═══ RECORDS FOR THIS TASK

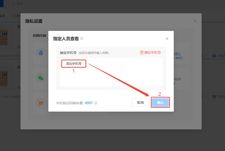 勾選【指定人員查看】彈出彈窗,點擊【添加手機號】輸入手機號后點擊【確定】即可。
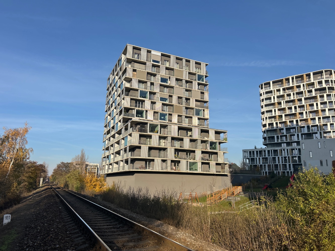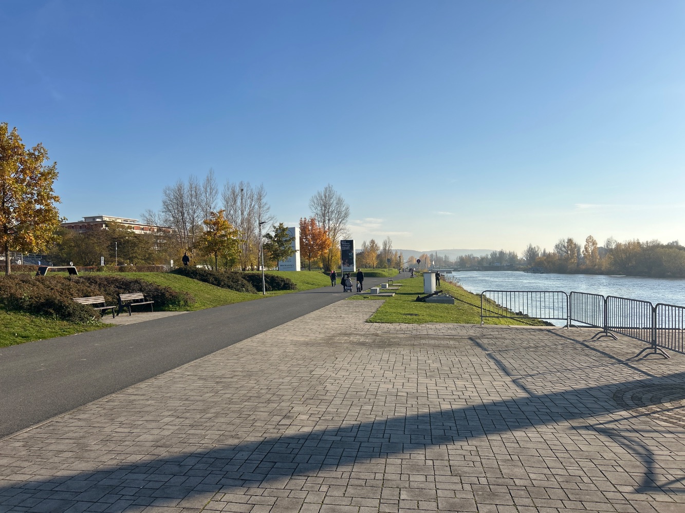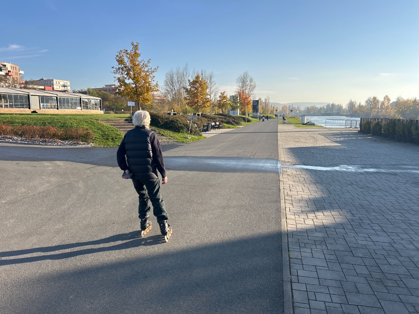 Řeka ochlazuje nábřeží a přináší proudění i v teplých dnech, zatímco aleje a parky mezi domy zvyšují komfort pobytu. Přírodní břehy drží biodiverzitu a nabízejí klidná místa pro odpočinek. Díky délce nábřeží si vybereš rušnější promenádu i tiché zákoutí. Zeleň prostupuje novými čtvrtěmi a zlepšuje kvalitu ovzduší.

══════
═══ RECORDS FOR THIS TASK

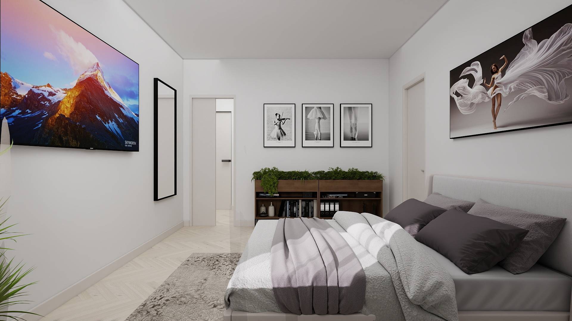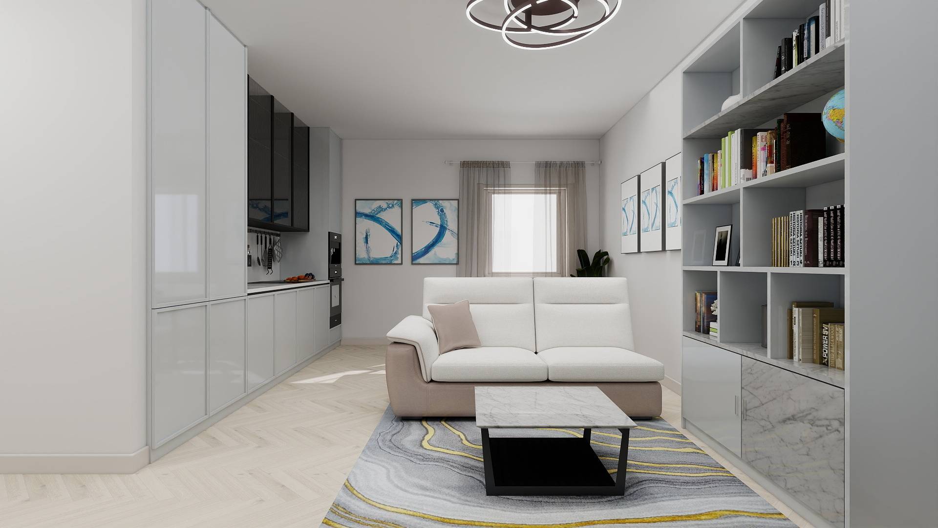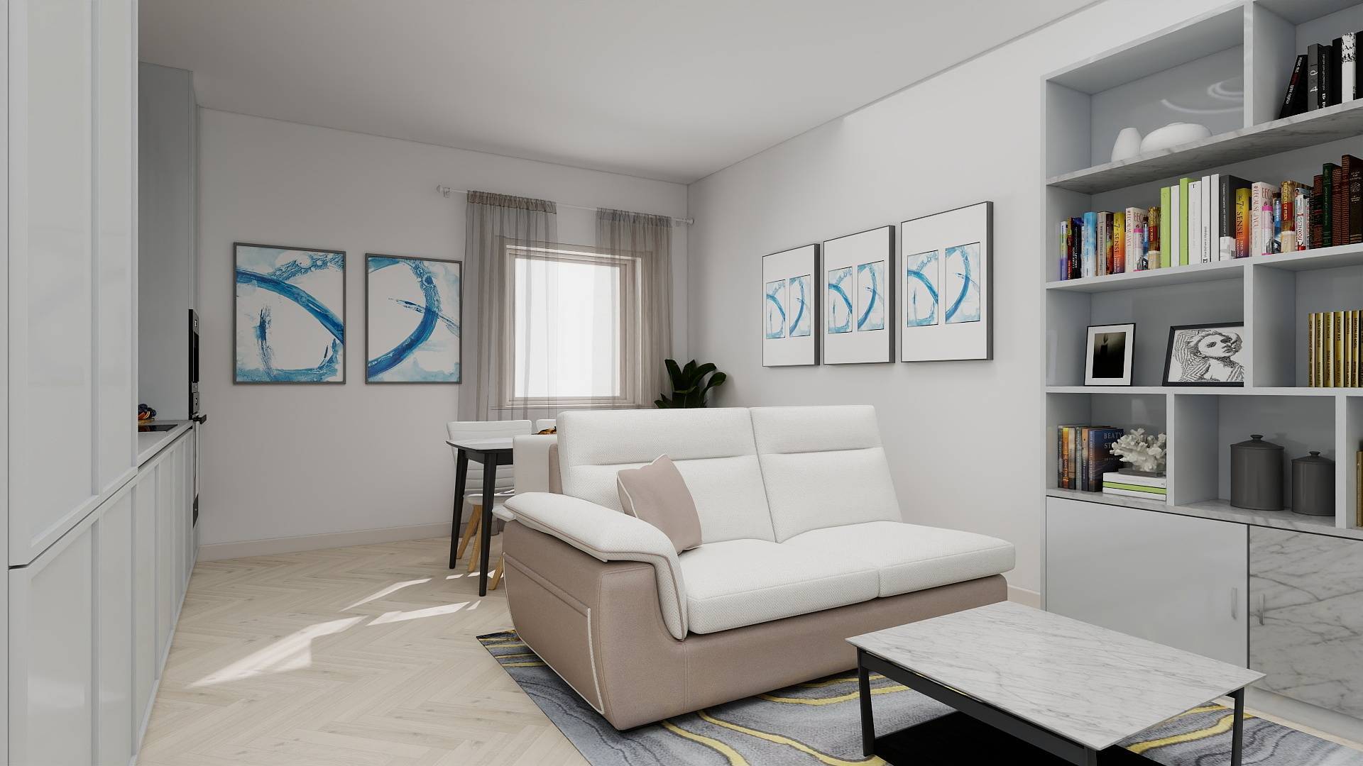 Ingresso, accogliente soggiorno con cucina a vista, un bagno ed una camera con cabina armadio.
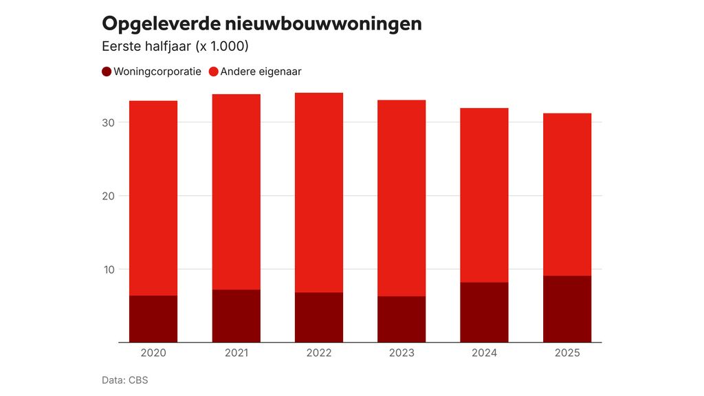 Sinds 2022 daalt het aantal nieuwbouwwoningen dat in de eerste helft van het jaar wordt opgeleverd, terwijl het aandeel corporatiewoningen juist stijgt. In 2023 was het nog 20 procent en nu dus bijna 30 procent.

══════

* [INSTRUCTIONS TO FOLLOW]
For the data above, set down exactly the lines from the line with "勾選【指定人員查看】彈出彈窗,點擊【添加手機號】輸入手機號后點擊【確定】即可。" to the line with "Řeka ochlazuje nábřeží", both included, leaving pictures out.

* [EXERCISE SOLUTION]
 勾選【指定人員查看】彈出彈窗,點擊【添加手機號】輸入手機號后點擊【確定】即可。
 Řeka ochlazuje nábřeží a přináší proudění i v teplých dnech, zatímco aleje a parky mezi domy zvyšují komfort pobytu. Přírodní břehy drží biodiverzitu a nabízejí klidná místa pro odpočinek. Díky délce nábřeží si vybereš rušnější promenádu i tiché zákoutí. Zeleň prostupuje novými čtvrtěmi a zlepšuje kvalitu ovzduší.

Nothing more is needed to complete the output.